A 3/4" standard flat skew and a 1/16" parting tool are the only tools I use for pens. Get full size tools, buy a quality name like Sorby and if you take care of them you'll never have to buy another one. 
Read my signature and take it to heart.:wink::biggrin:


----------



## marter1229 (Sep 22, 2008)

Not meaning to steal the thread, but when you buy tools, do they all need sharpening?

Terry
CDA, Idaho


----------



## marcruby (Sep 22, 2008)

Yes...



marter1229 said:


> Not meaning to steal the thread, but when you buy tools, do they all need sharpening?
> 
> Terry
> CDA, Idaho


----------



## rincewind03060 (Sep 22, 2008)

If you are unfamiliar with sharpening, get yourself a cheap set of carbon steel tools. My first set was 8 tools for about $16. I could grind away a lot of metal while I was learning (not that I've stopped learning) and not bust the bank. Plus I could experiment with different grinds cheaply.


----------



## ldb2000 (Sep 22, 2008)

marter1229 said:


> Not meaning to steal the thread, but when you buy tools, do they all need sharpening?
> 
> Terry
> CDA, Idaho


 
That is why I suggested the PSI carbide tipped tools for a first set , they come pre sharpened and the sharpness lasts long enough to learn how to sharpen them. 
I do allot of flat work and the one most important thing I learned is how to sharpen my chisels , plane blades and router bits . I can sharpen a hand plane blade sharp enough to shave the fuzz off a picture of a peach , but I knew nothing about sharpening turning tools except that the sharper the tool the better the results . 
You can't get a carbide edge as sharp as M2 tool steel but it stays sharp 5 to 6 times longer so you don't sharpen as often which means more time turning .
It's funny , I hear people talking about having to resharpen their tools 3 or 4 times while turning one Tru-stone blank (one of my favorite blanks to turn) but with my carbide tipped tools I can turn 3 to 4 blanks before I have to resharpen my tools , and then it's just a quick honing with with a piece of 400 wet or dry on a piece of plate glass (a flatwork sharpening trick) and my skew is sharp enough to shave with . 
For me the $35.00 that I spent at amazon was one of the best investments I have made so far .


----------



## flyingmelon (Sep 24, 2008)

I am surprised no one has said this yet. Find a local turner. must of us would be willing to share some time with a new turner and let them try various tools and get a feel for what is liked. I don't know about anyone else but I have read about others trying a type of tool that they loved only to try it myself and it feel like a pig with lipstick. Just a thought.


----------



## marter1229 (Sep 24, 2008)

Well I went with Butch's idea of the PSI carbide tools.
$24 on sale from Amazon.
I feel it is worth the try.
Thanks to all for their replys.

Terry


----------



## mdburn_em (Sep 30, 2008)

*Herding cats????*

This question is like trying to herd cats.  They will go every direction.

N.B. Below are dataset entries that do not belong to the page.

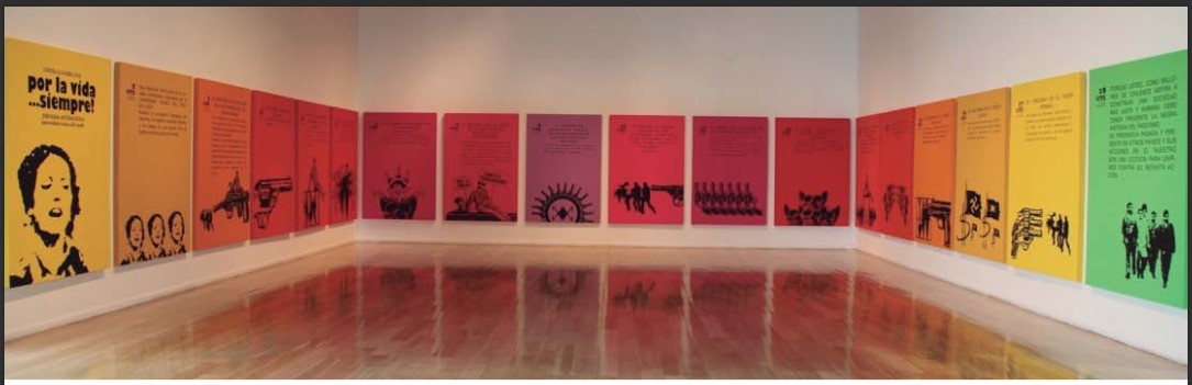 Abstract: The artwork of Mario Navarro, who is a recognized postdictatorship Chilean visual artist and whose father was a political prisoner at the civic-military dictatorship, is presented in this study. Through a comprehensive exploratory unique case, this piece of work shows the influence of intergenerational transition of memories associated with political violence at the Chilean civic-military dictatorship. A life account and art creations made by the artist were used as data pro-duction technique, moreover a narrative analysis of these two items and formal observation of the visual pieces of work were also taken into consideration. The main results of the research tFragmento de la obra: The New Ideal Line Opala: 2002.Fotografía: Constanza Valderrama©, 2002.show that part of the professional life choice and some of the artist’s visual works are conside-rably influenced by an indirect intergenerational political detention experience the artist’s father had to face.
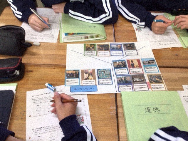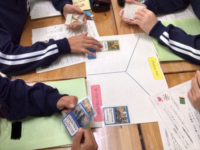 グループでの話し合いでは、「あっていいちがい、あってはいけないちがい、どちらともいえない」について、一人一人みんな真剣に考えて意見交流していました。最後には、穏やかな雰囲気の中で今の自分の気持ちを整理していました。
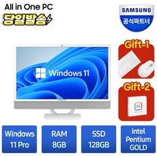 삼성전자 올인원 일체형 PC 프로스트 화이트 DM530ADA-L25A (펜티엄골드 7505 60.5cm WIN11 Pro) 기업용 사무용 학습용, RAM 4GB + SSD 128GB
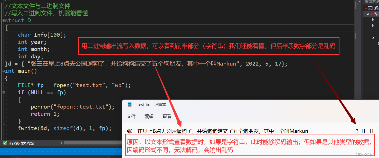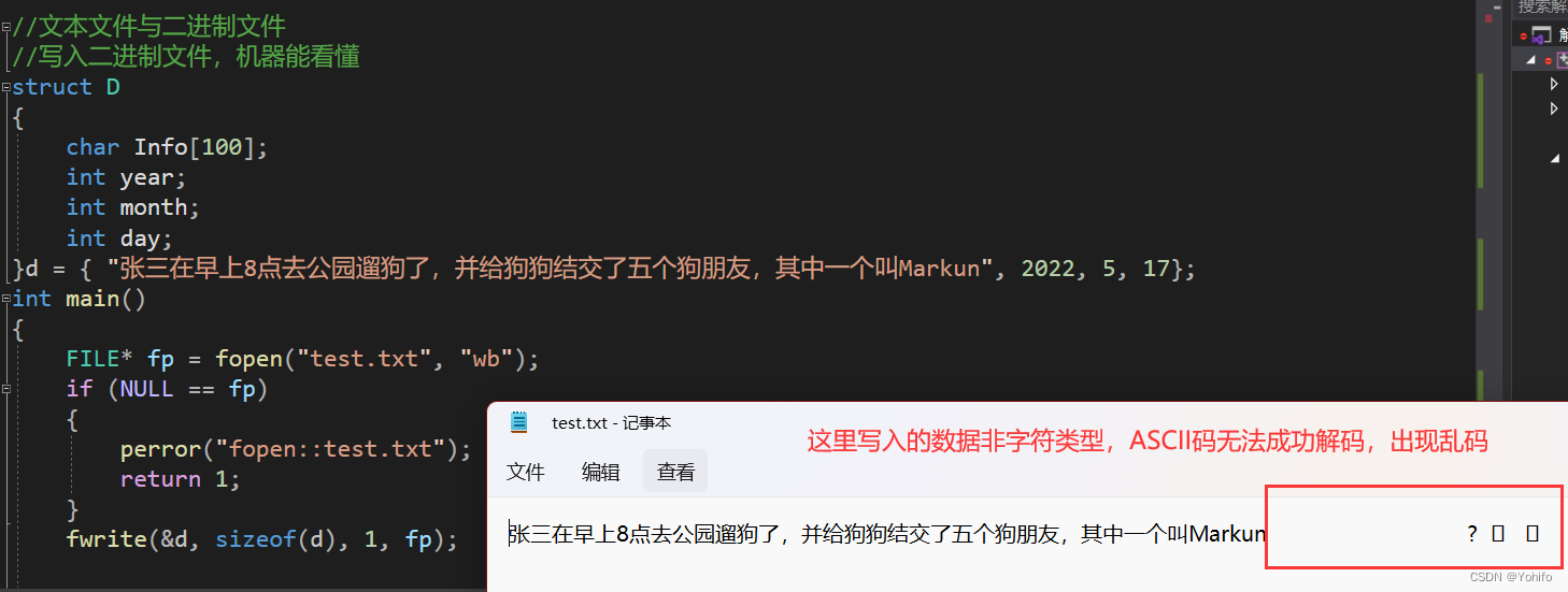 二进制文件是将数据编译后转成二进制形式,然后直接存储的文件,这种文件机器能秒懂,读取效率很高(因为不需要转译),但二进制一般人是看不懂的,部分二进制数据也无法通过ASCII码解码为正确的数据,因此强行输出二进制文件,极有可能会得到乱码。比如将上面的那段话通过二进制形式写入文件中,可以看到除字符类型数外,其他类型的数据变成了乱码。
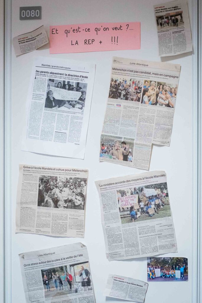 Un mur couvert de photos et de coupures de presse : la décoration colorée de la salle de pause de l’école Nelson-Mandela raconte les mobilisations qui ont pu souder son équipe ces derniers temps. Le groupe scolaire implanté à Saint-Herblain (Loire-Atlantique) jouxte le Sillon de Bretagne, un des quartiers les plus pauvres de France.

Finding a local turner is a great idea.

If I had to have one tool when starting out, it would be a forged spindle gouge.  It will work for roughing (small stuff) and it will get you close to size.  Good quality M2 steel will permit it to stay sharp for a while.    It's a very versatile tool.

You can make something out of wood scraps that will permit you to sharpen this tools on a grinder.  Same principle as a Wolverine.  The key is to make it reproduceable.  Sharp, sharp, sharp tools.


----------



## nava1uni (Oct 3, 2008)

My first tool is a 3/4" rough gouge that the instructor suggested when I first took a pen making class.  It is still my favorite tool, even though I have others.  I also like the mini tools for making delicate beads and turnings because they allow me to get into tight little spots without taking out chunks and ruining blanks of pens or stoppers. I also make tools from old blades and steel pieces that I buy from a steel fabricator here in town.


----------